Czech Human Rights Minister wants Lety concentration camp memorial administered by Museum of Romani Culture, relative of victims disagrees
Czech Minister for Human Rights, Equal Opportunities and Legislation Jan Chvojka declared on the occasion of a ceremony to commemorate the victims of the Romani Holocaust held on Tuesday, 7 March at the Museum of Romani Culture in Brno that he intends for that particular Museum to administer the memorial to the victims of the Romani Holocaust at Lety u Písku instead of the current administrator, the Lidice Memorial. "The minister will advocate for administration of the memorial at Lety to fall under the Museum of Romani Culture," the minister's press spokesperson, Michal Kačírek, confirmed to news server Romea.cz on 9 March.
"The minister is convinced that a Romani remembrance site should be administered by organizations that focus on Romani history. The Czech Culture Ministry is of the same opinion and has promised maximum assistance," the spokesperson said.
Previously the Government had decided to transfer the administration of the Romani Holocaust Memorial at Hodonín u Kunštátu to the Museum of Romani Culture as well. "Agreement has been reached about that, so the minister will submit to the Government, by the end of May, material proposing transferring administration of the Romani Holocaust Memorial at Hodonín u Kunštátu to the Museum of Romani Culture," Kačírek said.
The memorial at Lety u Písku will be handled the same way. "The ministry will take all the necessary steps to facilitate the building of a dignified memorial there that will then be administered by the Museum of Romani Culture," the spokesperson said.
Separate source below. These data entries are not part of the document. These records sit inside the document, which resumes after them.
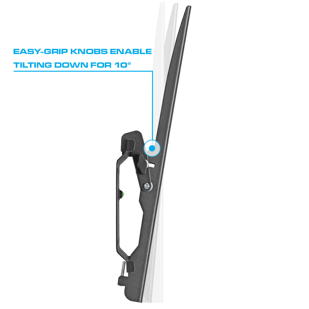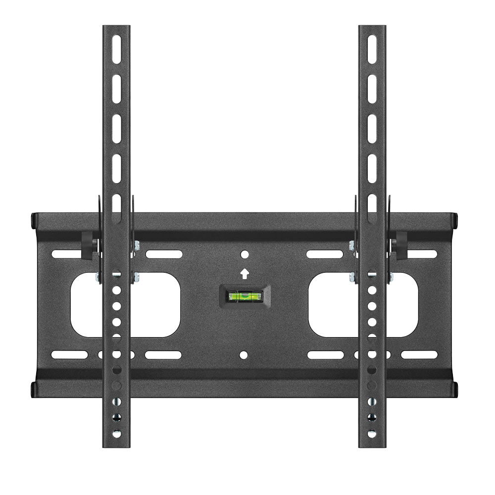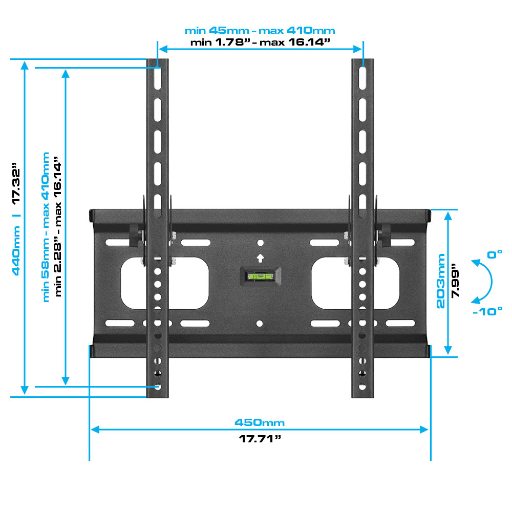 Heavy-Duty Tilt TV Wall Mount for 32inch-55inch LED, 3D LED, LCD, Plasma TV's The universal hole pattern allows the wall mount to hold TV's from 32inch to 55inch. Hanging TVs bigger or smaller then the specified size is not recommended. The wall mount has a maximum load weight limit of 75kg or 165lb. This means that hanging anything heavier than 165lb/75kg is not recommended and not safe. Once you hang your TV on this bracket, the distance between the TV and the wall will be 1.81in. This will allow you to leave enough space for the cables that are plugged in to the TV. This feature is useful in particular when your cables are not coming out of your wall directly behind the TV. Another useful feature of this wall mount is a bubble level. The bubble level will help to hang your TV at the straight angle without having to use fancy, expensive laser precision tools. Tilting option: This bracket will allow you to tilt the TV from - 10 degrees to 0 degrees. This feature is especially convenient if you need to change the angle of your TV upwards or downwards in order to adjust the monitor position according to your preferences. This option is available whether it's hung up or at the mid-lower level. Features & Specifications: -10 degrees - 0 degrees up and down tilt Universal hole patterns 16.14 in x 16.14 in (410mm x 410mm) Vesa compliant:100x100, 200x100, 200x200, 400x200, 400x400 Support flat panel TV up to 165 LB Distance from TV to Wall: 46 mm (1.81 in) Integrated bubble level assures easy installation allignment Open architecture provides superior ventilation and easy access for cable management Color: Black This bracket is not only handy, but also safe. It has been tested for the presence of Lead, Cadmium, Mercury, Hexavalent chromium, Polybrominated biphenyls, and Polybrominated diphenyl ethers, which are hazardous for the human thehealth if used in above normal amount.
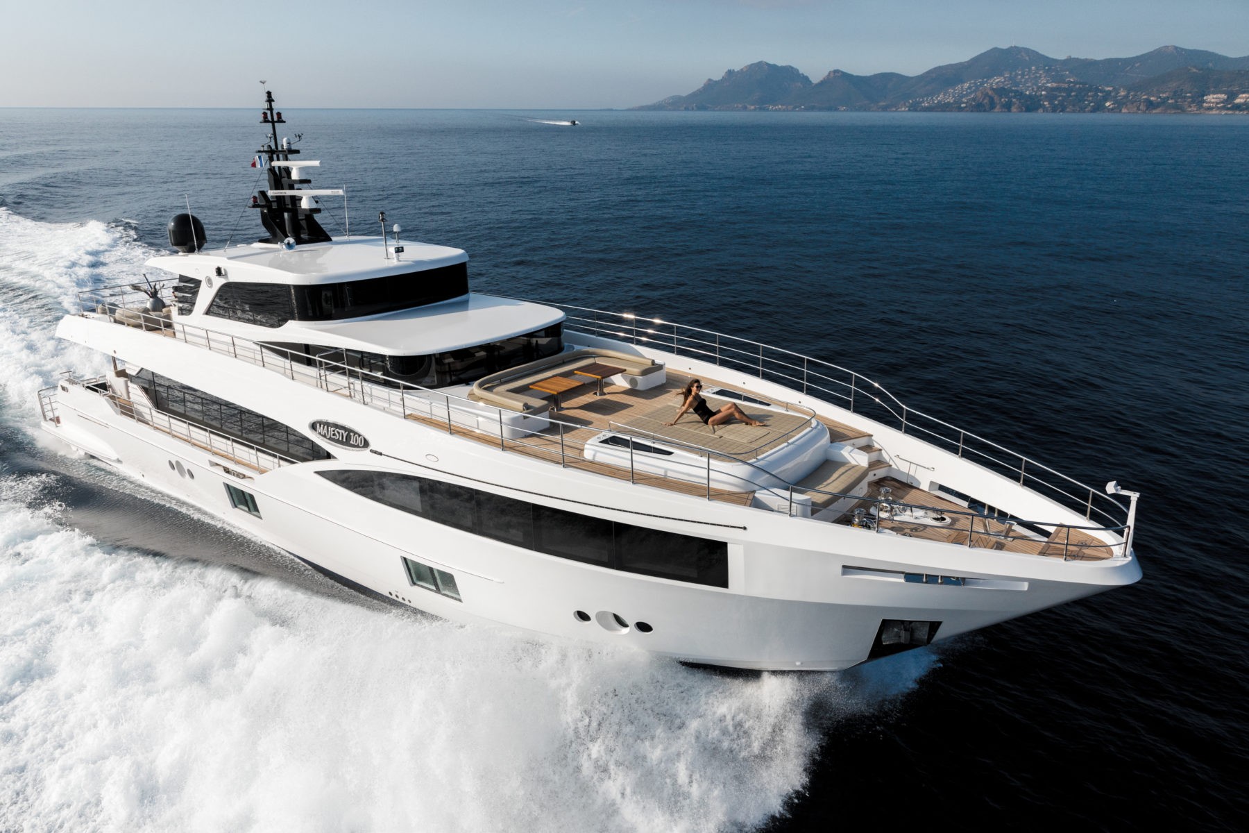 The main deck aft provides a comfortable place to dine alfresco, while the flybridge above has a wet bar for easy service as guests lounge in the outdoor seating. The swim platform can be used for sunbathing, but there’s no beating the massive sunbed on the foredeck and the C-shaped sofa with drinks tables to admire the views of the Cassis National Park, La Maddalena Archipelago or the colourful Cinque Terre settlements.
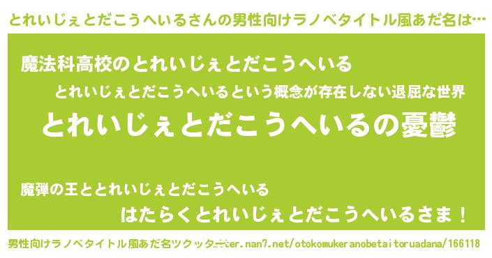 とれいじぇとだこうへいるさんの男性向けラノベタイトル風あだ名をツクッター!
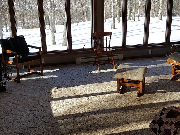 Ultimate location less than a mile west of Amery on a Cul De Sac with park- like view. 3.44 acres of land outside the city limits bordering the Stower 7 lakes walking trail and overlooking a beautiful pond. House is a 3 bed 1.75 bath walkout . Many updates!!

Since it was first established in 1991, the Museum of Romani Culture, which is now a state-funded organization, has been involved in documenting and researching the concentration camps. Jana Horváthová, the director, said she did not have any more information about the Government's intentions.
"Our establisher, the Culture Ministry, sent us a brief written report at the end of last year about the planned transfer of the Lety Cultural Monument to our institution during this year. We have not yet been informed that any actual steps have been taken to transfer it," she told news server Romea.cz.
Čeněk Růžička disagrees with the transfer of the administration of the memorial at Lety to the museum
The chair of the Committee for the Redress of the Romani Holocaust (VPORH), Čeněk Růžička, disagrees with the administration of the Lety Memorial being transferred from its current administrator, the Lidice Memorial, to the Museum of Romani Culture. "I disagree in principle with how the Culture Ministry has decided to facilitate the transfer of the memorial at Lety for administration by the Museum of Romani Culture," he told news server Romea.cz.
"Naturally I have known about that decision for quite some time and I have personally appealed, more than once, for the administration of the memorial to be assigned elsewhere," Růžička said. One reason he is opposed to the transfer is a statement made by Horváthová in which she expressed the idea that the money it would cost to buy the industrial pig farm currently located on the site of the former camp at Lety in order to close it down and remove it would be better spent on educating Romani children.
Růžička observed to news server Romea.cz that when the director of the Museum of Romani Culture expressed that opinion, it negatively influenced politicians' attitudes about taking action to remove the industrial pig farm from the genocide site. He also told Romea.cz that he is (and always has been) convinced that "both the problem of educating Romani children and the removal of the pig farm from Lety deserve the state's utmost attention and should be addressed independently of each other, which, thank God, is already tentatively underway."
The camp at Lety was originally established as a disciplinary labor camp. It was transformed by the Nazi Protectorate administration in August 1942 into a "Gypsy" camp.
As of May 1943 a total of 1 308 Romani people had passed through the camp at Lety, 327 of whom perished there, and more than 500 of whom were sent to Auschwitz, where most were murdered. Less than 600 Romani prisoners from the territory of the Protectorate of Bohemia and Moravia survived the concentration camps to return after the war.
The Nazis murdered an estimated 90 % of the Romani people living in Bohemia and Moravia. The current remembrance site at Lety is located adjacent to the industrial pig farm that still stands on the site of the former camp.